Ready to hire in the Philippines? Speak to an AYP specialist today → [contact us]

This article is provided for informational purposes and reflects legislation and regulatory guidance current as of May 2026. It does not constitute legal or tax advice. Employers should seek qualified local counsel for jurisdiction-specific compliance decisions.

Frequently Asked Questions (FAQs)

What is the minimum wage in the Philippines in 2026?

In Metro Manila (NCR), the current non-agricultural daily minimum wage is PHP695, effective 18 July 2025 under Wage Order No. NCR-26. On a monthly basis (21 working days), this equates to approximately PHP14,595. Regional rates outside NCR range from approximately PHP404 to PHP560 per day, depending on the region and sector. DOLE has indicated the next NCR review cycle will begin around May 2026.

What are the employer SSS, PhilHealth, and Pag-IBIG contribution rates in 2026?

Social Security System (SSS) requires an employer contribution of 10% of the employee's Monthly Salary Credit (MSC), plus a small Employees' Compensation premium. The total rate across employer and employee is 15% (10% employer, 5% employee) following the January 2025 increase under SSS Circular 2024-06, with employer contributions capped at PHP3,500/month. PhilHealth requires the employer to contribute 2.5% of the employee's monthly salary, up to a ceiling of PHP100,000/month. Pag-IBIG requires a 2% employer contribution but is effectively capped at a maximum fund salary (MFS) of PHP10,000/month, meaning the maximum employer contribution is PHP200/month regardless of actual salary, under the revised schedule in effect since February 2024.
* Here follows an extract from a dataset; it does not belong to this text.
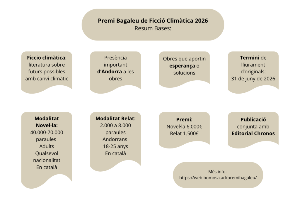 Fundació Bomosa, amb els objectius de prestigiar la literatura especulativa en català, fomentar el talent nou i estimular la reflexió sobre l’impacte del canvi climàtic, convoca el Premi Bagaleu de Ficció Climàtica amb la col·laboració del Ministeri de Cultura i Esports del Govern d’Andorra.

What are the income tax rates in the Philippines?

The Philippines uses a progressive income tax system under the TRAIN Law (RA 10963). Income up to PHP250,000 per year is tax-exempt. Above that, rates graduate from 15% to 35% depending on annual taxable income. The top rate of 35% applies to annual income exceeding PHP8,000,000. See the full bracket table in Section 3B above.
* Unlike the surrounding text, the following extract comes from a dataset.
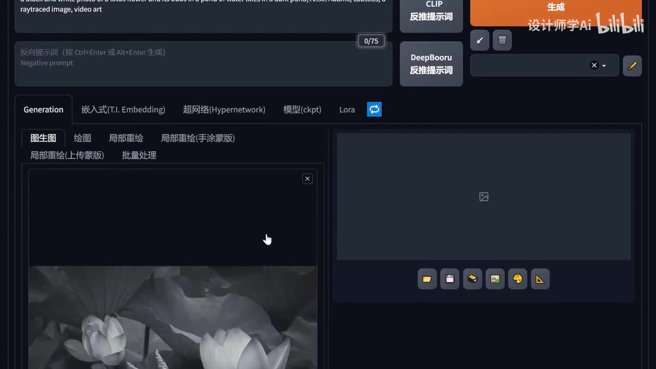 例如color photo,告诉你们一个写这样图片提示词的小技巧,到图生图的界面,把图片放进去,选择clip反推提示词。将反推出来的提示词放到翻译中将描述为黑白照片的词语删掉,再复制过来点击生成。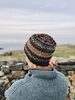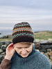 This hat is worked from the brim to the crown, beginning with a ribbed brim. Fair Isle charts are then worked for the body of the hat through the crown decreases. An optional pom-pom can be added.

Is 13th month pay mandatory in the Philippines?

Yes. Under Presidential Decree No. 851, all rank-and-file employees in the private sector are entitled to 13th month pay equal to 1/12 of their total basic salary earned in the calendar year. Payment must be made on or before 24 December. There are no exemptions, including for probationary employees who have completed at least one month of service. The first PHP90,000 is tax-exempt.
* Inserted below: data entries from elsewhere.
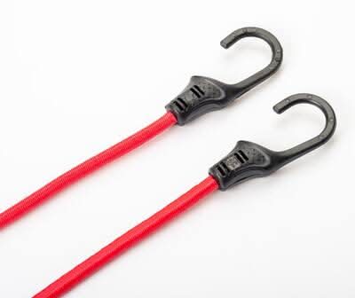 These 24 in. Super Duty Bungee Cords (4-Pack) feature an easy, finger-grip hook design. The hook is made of rust-resistant steel that is coated with hard plastic to protect surfaces from mars and scratches. The core of each cord is made of high-grade, all-natural latex rubber that maintains its elasticity and strength. The braid jacket covering the rubber core is made of premium polyethylene, a weather-resistant material.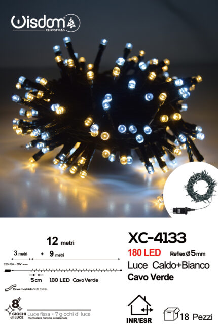 Catena luminosa 180 LED luce calda+bianca da 12 metri con 8 giochi di luce ip44 per uso interno esterno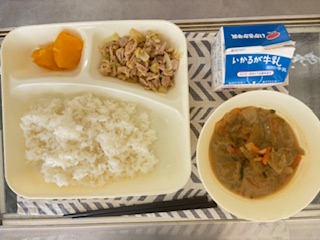 いわしのつみれ汁…いわしだんごとだいこん、ごぼう、にんじん、青ねぎなどが入った汁ものです。いわしだんごは、骨や歯をじょうぶにするカルシウムが含まれています。

What is the Alien Employment Permit (AEP) and who needs one?

An AEP is a work authorisation issued by DOLE to foreign nationals intending to engage in gainful employment in the Philippines. It is required for virtually all foreign workers, regardless of the nature or duration of employment, unless expressly exempt by law (e.g., certain treaty-protected roles, diplomatic personnel). Updated rules under DOLE DO 248 (effective February 2025) introduced a mandatory Economic Needs Test and Skills Transfer Programme requirement. The AEP must be secured before the foreign national commences work, and is a prerequisite for the 9(g) Pre-Arranged Employment Visa.

How do I hire employees in the Philippines without setting up an entity?

The most practical and compliant route is through an Employer of Record (EOR). An EOR such as AYP employs workers on your behalf through a locally incorporated entity, handling all payroll processing, statutory contributions, BIR filings, and labour law compliance. You retain full operational control of the employee's day-to-day work. This eliminates the need to establish a local company, obtain a business permit, or manage government remittances independently, significantly reducing both setup time and ongoing compliance risk.